Removed expiration of lock key

marcoCasamento / Hangfire.Redis.StackExchange

HangFire Redis storage based on original (and now unsupported) Hangfire.Redis but using lovely StackExchange.Redis client

Other

452 stars 108 forks source link

Removed expiration of lock key #67

Closed jabrown85 closed 6 years ago

jabrown85 commented 6 years ago

The key being used for a lock was being expired at the same time as the timeout for the subsequent lock timeouts. This meant that a lock for would expire basically as soon as the subsequent job waiting for the lock would stop. More often than not, this meant the job that is awaiting the lock would actually acquire the lock while the first job that obtained it was still executing.

jabrown85 commented 6 years ago

I hope this is OK. I was trying to understand all the pieces and I think I got it. The problem, as I saw it, was that the timeout of the KEY used for locking would expire using the same timeout parameter as the DisableConcurrentExecution attribute. This doesn't seem right. The attribute's parameter is the timeout value for subsequent job executions max time to wait for a lock (implemented in RedisLock correctly). Using it for the key timeout means that it could/will expire RIGHT as a job is perhaps checking again for the lock. If the job obtains the lock, you have 2 jobs running at the same time.

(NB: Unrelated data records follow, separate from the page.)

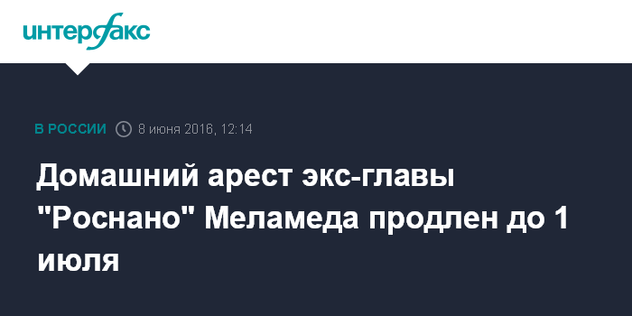 Москва. 8 июня. INTERFAX.RU - Басманный суд Москвы санкционировал продление до 1 июля домашний арест экс-главы "Роснано" Леонида Меламеда, обвиняемого в организации растраты более 220 млн рублей госкорпорации, сообщила "Интерфаксу" пресс-секретарь Юнона Царева в среду.
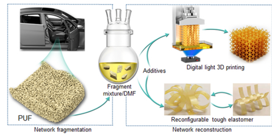 with funding from the national natural science foundation of china (grant no. 52033009) and other projects, professor xie tao’s team from the school of chemical engineering and bioengineering at zhejiang university reported a method that combines efficient degradation of commercial thermosetting polyurethane foam with high value a new chemical recycling strategy for chemical utilization can degrade polyurethane foam into polymer fragments. by designing end-capping chemistry, high-performance 3d printing resins with high added value can be obtained. this strategy has mild degradation conditions and can obtain high-value products with excellent properties without purification. it has both economic and environmental benefits. the relevant results are “chemical appreciation recycling of thermosetting polyurethane foam into high-performance 3d printing resin”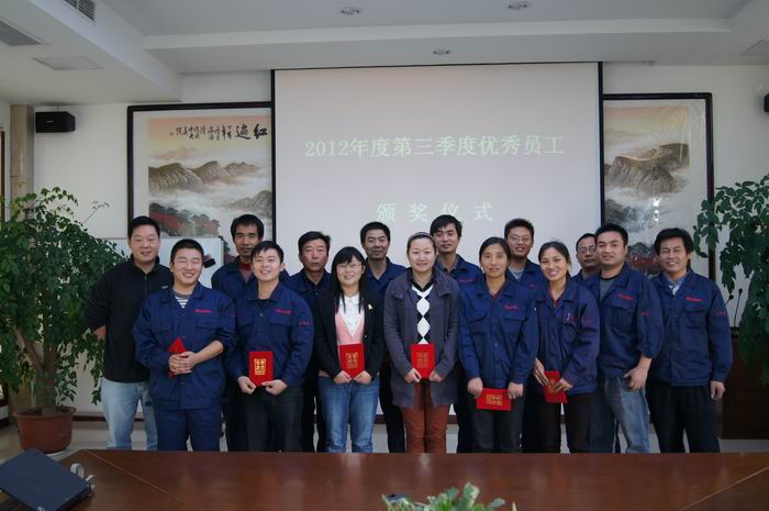 11月4日,江潤銅業2012年第三季度優秀員工表彰大會在一樓會議室召開,總經理駱偉棟主持會議,三季度共評選出17名優秀員工。

The version is master works sometimes, but I think it is mostly by chance and greatly depends on the timeout/intervals between redis checks.

I haven't had any time to look at the tests, but I can take a stab at writing some if you want.

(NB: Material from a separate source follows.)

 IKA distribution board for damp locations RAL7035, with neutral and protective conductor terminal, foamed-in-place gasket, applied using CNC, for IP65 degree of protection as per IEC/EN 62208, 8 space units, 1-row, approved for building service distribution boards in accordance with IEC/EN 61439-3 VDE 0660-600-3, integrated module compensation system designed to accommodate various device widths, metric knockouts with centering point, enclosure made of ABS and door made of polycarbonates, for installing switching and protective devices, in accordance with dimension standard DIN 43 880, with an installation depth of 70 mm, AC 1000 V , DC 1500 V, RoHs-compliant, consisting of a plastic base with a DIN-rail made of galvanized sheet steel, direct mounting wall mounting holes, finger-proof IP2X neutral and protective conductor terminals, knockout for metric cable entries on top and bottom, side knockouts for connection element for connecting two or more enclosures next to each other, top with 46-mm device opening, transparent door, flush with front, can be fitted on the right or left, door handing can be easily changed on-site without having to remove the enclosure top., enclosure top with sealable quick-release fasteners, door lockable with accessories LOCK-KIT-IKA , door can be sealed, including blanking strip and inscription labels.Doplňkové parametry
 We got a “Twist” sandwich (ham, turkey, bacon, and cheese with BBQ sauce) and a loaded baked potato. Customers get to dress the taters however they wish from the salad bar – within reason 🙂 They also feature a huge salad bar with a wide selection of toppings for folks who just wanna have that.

jabrown85 commented 6 years ago

Also, I think issue #65 is this issue.

jabrown85 commented 6 years ago

I think we would need to do something better here. (perhaps more like https://github.com/frankhommers/Hangfire.PostgreSql/pull/44/)

The problem with my quick fix is that since the lock never expires, a hard crash means that nothing will ever run until the lock is manually removed. I think exposing a lock timeout in the options will allow application builders to specify the longest timespan they intend on letting a lock live. A different option would be having the lock renew periodically, but I don't know if a ServerFilter is the right place for that.

In the meantime, I worked around this issue by removing the attribute entirely and using a second queue with a single worker. (https://discuss.hangfire.io/t/different-queues-having-different-worker-counts/114). It's less clean, but will guarantee that only one runs at a time.

pieceofsummer commented 6 years ago

@jabrown85 please check out #69, I think it should resolve all the problems here.

jabrown85 commented 6 years ago

That looks good! That’s what I figured needed to happen based on other implementations. I hope that gets merged soon!

pieceofsummer commented 6 years ago

It worked fine for a day on my Linux server but still needs some more testing.